# The Final Report for CSEE 4840 Embedded System Design Chess Game Spring 2025

Team members: Pengfei Yan (py2324) Hongchi Liu (hl3813) Hooman Khaloo (hhk2123)

## **Contents:**

| 1. Introduction                               | <b>P2</b>  |
|-----------------------------------------------|------------|
| 2. System Block Diagram                       | <b>P3</b>  |
| 3. Algorithms                                 | P4         |
| 4. Resource Budgets                           | <b>P9</b>  |
| 5. Hardware/Software Interface                | <b>P10</b> |
| 6. Project Files and Compilation Instructions | P11        |
| 7. Appendix (Chess Glossary)                  | P12        |

#### 1. Introduction

#### **1.1. Problem Statement and Project Goal**

Chess is one of the most enduring and popular board games worldwide. Implementing a digital version of chess was among the earliest uses of board games in the realm of computer science. Here, we plan to develop chess for FPGA users.

In this project, we aim to build an interactive chess system on the DE1-SoC FPGA board. The system allows a user to make moves via a 1024x768 monitor, while all processing related to chess logic, board rendering, and graphics is integrated between software and hardware.

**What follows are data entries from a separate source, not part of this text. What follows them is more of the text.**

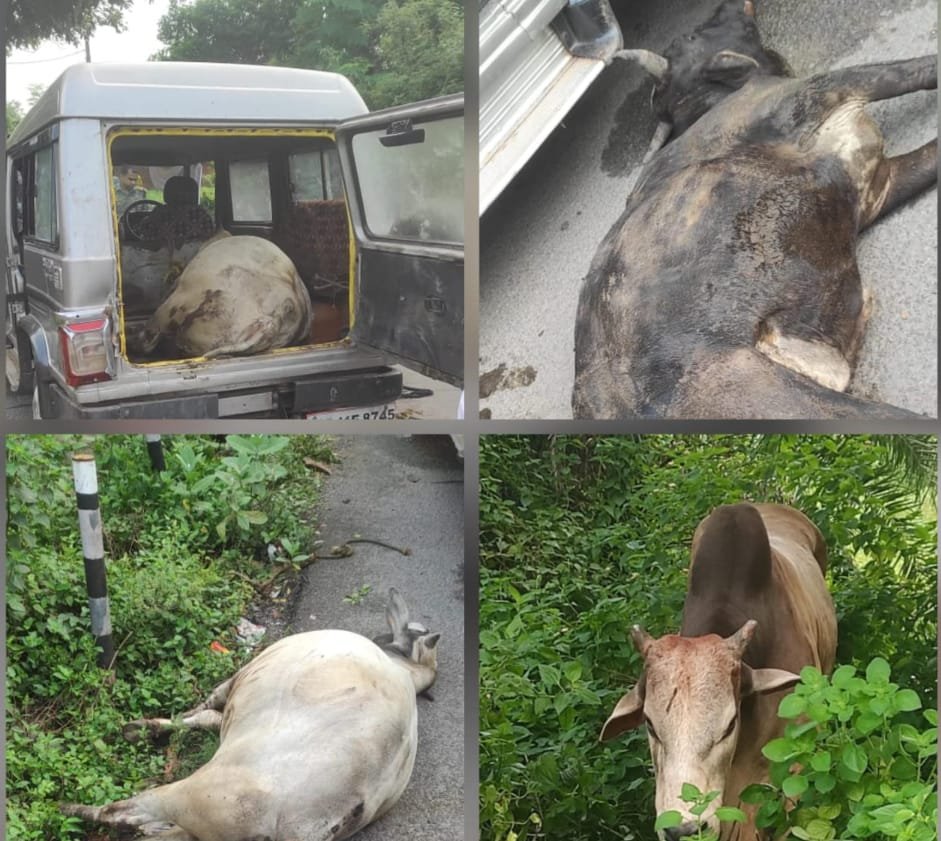 ग्रामीणों ने बताया कि छोटे वाहन में चार बड़े बैलों को जबरदस्ती ठूंसकर उनकी जीभ और टांगों को मोटी रस्सियों से बांध दिया गया था, जिससे दम घुटने और अत्यधिक दबाव के कारण तीन मवेशियों की मौके पर ही मौत हो गई।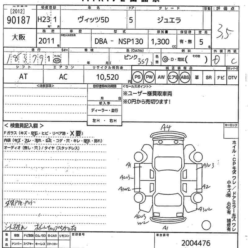 Toyota Vitz, 2011 года - Лот№90187 ★3.5
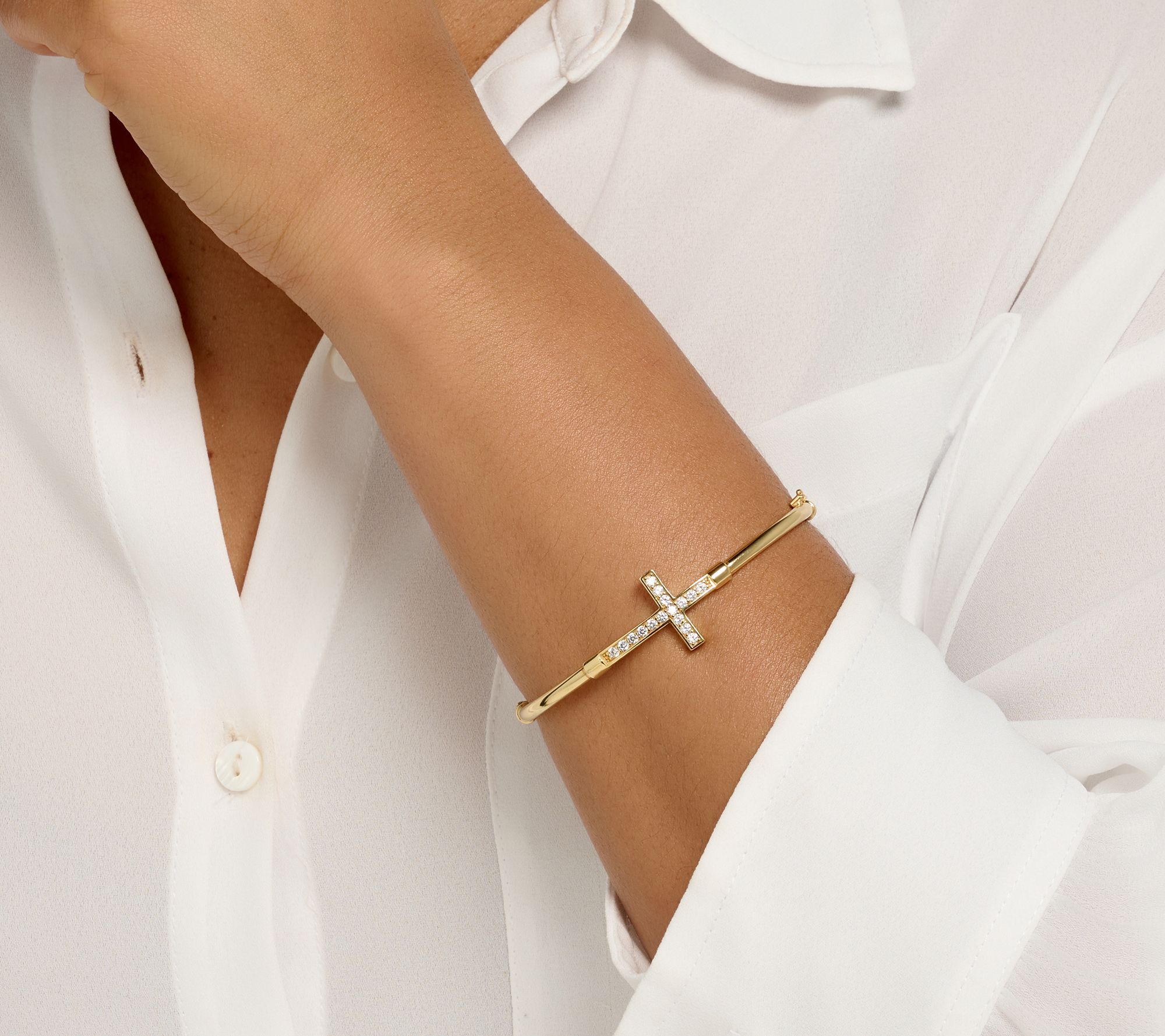 Keep the prayers -- and the sophisticated style -- flowing with this glossy bangle anchored by a sparkling cross.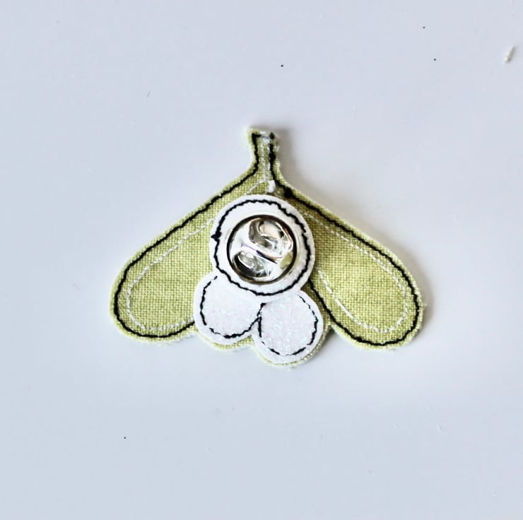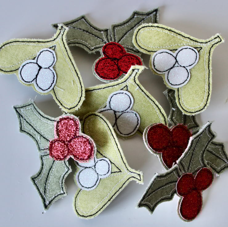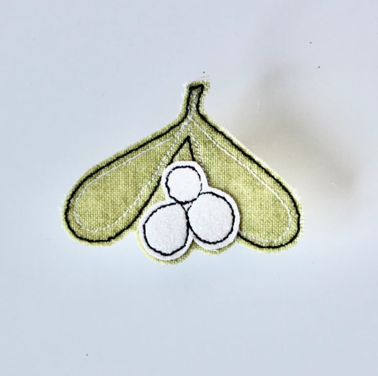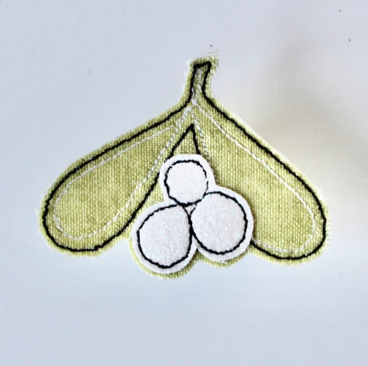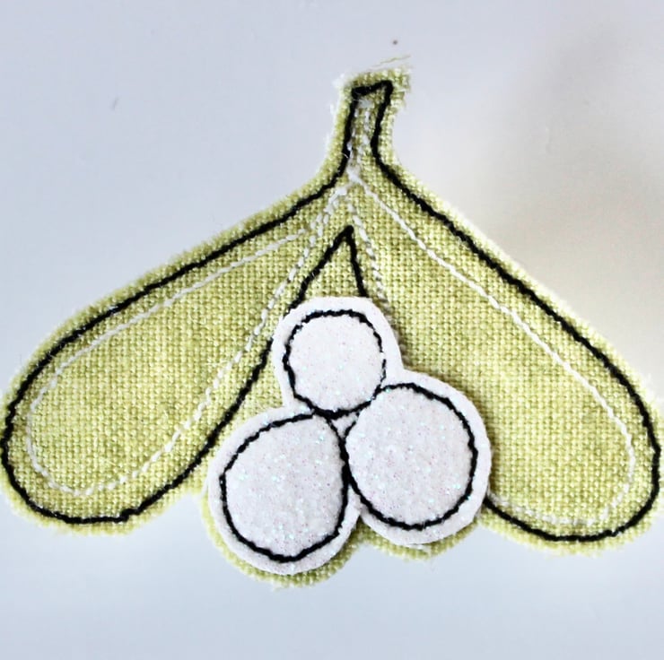 Mistletoe brooches are sewn using cotton cloth, glitter cloth and free hand machine embroidery; multiple layers of cloth are sewn together and cut out by hand using sharp scissors. The pin on the back is attached with hot glue and with a sewn fabric circle to secure.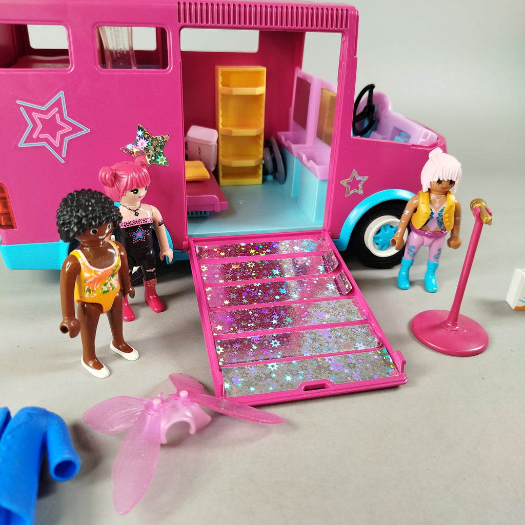 Hol dir das Playmobil Tourbus-Spielset und bring Musik und Abenteuer ins Kinderzimmer! Der farbenfrohe Bus lässt sich seitlich öffnen und bietet mit ausklappbarer Glitzer-Rampe viele Spielmöglichkeiten rund ums Unterwegssein und Auftreten. Enthalten sind Figuren und thematisch passendes Zubehör für fantasievolle Rollenspiele. Gib diesem Spielzeug ein neues Zuhause und schenke ihm ein zweites Leben. Geeignet für Kinder im entsprechenden Alter. Sicherheitshinweis gemäß GPSR: Enthält Kleinteile, nicht geeignet für Kinder unter 3 Jahren. Erstickungsgefahr!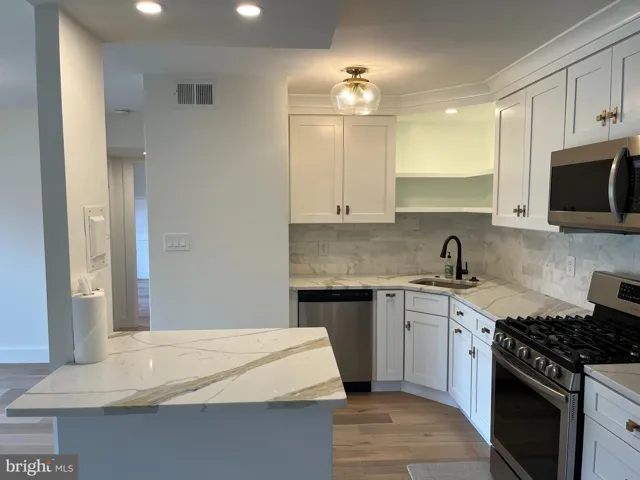 Amazing top floor level condo that has complete makeover. Engineered hardwood floors throughout. SS appliances, quartz counter tops, gas range, side by side refrigerator with ice and water dispenser. Elegant new lighting and LED recessed lights. Redone bathroom with walk in glass door shower and new tile. Rare to find washer and dryer in one inside the unit. Extra laundry and storage in the basement level. Gas heat. Water/ sewer and trash included in the rent. Luxury and charm await in this beautiful home. Small dog considered with pet deposit.

#### **1.2. Motivation and Importance**

- Embedded Systems Architecture Learning: This project merges hardware design (on FPGA), bus interfaces (Avalon or memory-mapped IO), and high-level code (in C) for game logic.
- **FPGA-Based Graphics**: Rendering a real-time 1024×768 display via a VGA module in an FPGA environment demonstrates how limited FPGA resources can be leveraged for 2D graphics.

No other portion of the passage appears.